Because Plaintiff has failed to allege sufficient facts to satisfy all five prongs of his retaliation claim, the Court finds that he has failed to state a claim upon which relief could be granted.


The Court finds that Plaintiff's Complaint fails to state a claim upon which relief may be granted. Plaintiff previously having taken the opportunity to amend his pleading and having failed to state a cognizable claim despite the Court's outline of what would be necessary, further amendment would be futile in this case. For the reasons stated above, the Court finds that Plaintiff's Complaint fails to set forth "sufficient factual matter, accepted as true, to 'state a claim that is plausible on its face.'" Iqbal, 129 S.Ct. at 1949 (quoting Twombly, 550 U.S. at 555).

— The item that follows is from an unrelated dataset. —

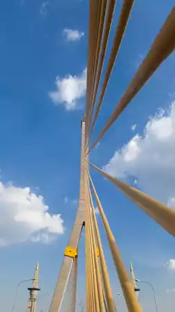 🌉 Rama VIII Bridge... A symbol of elegance above the Chao Phraya River. 🧭 A cable-stayed structure with a single pillar—it stands out like no other. 🔱 The golden tip of the bridge pillar reflects the elegance of Thailand. 🌤️ The sky is slightly overcast with symmetrical cable lines. 🏙️ The background is Bangkok, which blends past and future in one image. 📸 This image feels stable, strong, and elegant at the same time. 🎨 Suitable for use in lessons on “Engineering and Art”. 🎓 Use in active learning activities such as “Analyzing Bridges from Different Perspectives”. 🧠 Encourage students to think about designs that meet both function and beauty. 📱 Suitable for creating TikTok or Canva content that tells the story of Thailand. 💬 This image can be used to open a conversation about "A structure that tells the story of a nation" 🖼️ makes a beautiful poster or lesson slide 🚀 and inspires Gen Alpha to learn about engineering and design 💡 A single image... but opens the door to creativity and pride ❤️ This bridge is more than just a crossing—it's a poem about Thai structures.

Accordingly, it is HEREBY RECOMMENDED that Plaintiff's Complaint be dismissed, with prejudice, for failure to state a claim under § 1983 and as barred by the doctrine of res judicata. The Court also RECOMMENDS that Plaintiff not be given leave to amend.

These Findings and Recommendations are submitted to the United States District Judge assigned to the case, pursuant to the provisions of 28 U.S.C. § 636(b)(1). Within fourteen (14) days after being served with these Findings and Recommendations, any party may file written objections with the Court and serve a copy on all parties. Such a document should be captioned "Objections to Magistrate Judge's Findings and Recommendations." Any reply to the objections shall be served and filed within ten days after service of the objections. The parties are advised that failure to file objections within the specified time may waive the right to appeal the District Court's order. Martinez v. Y1st, 951 F.2d 1153 (9th Cir. 1991).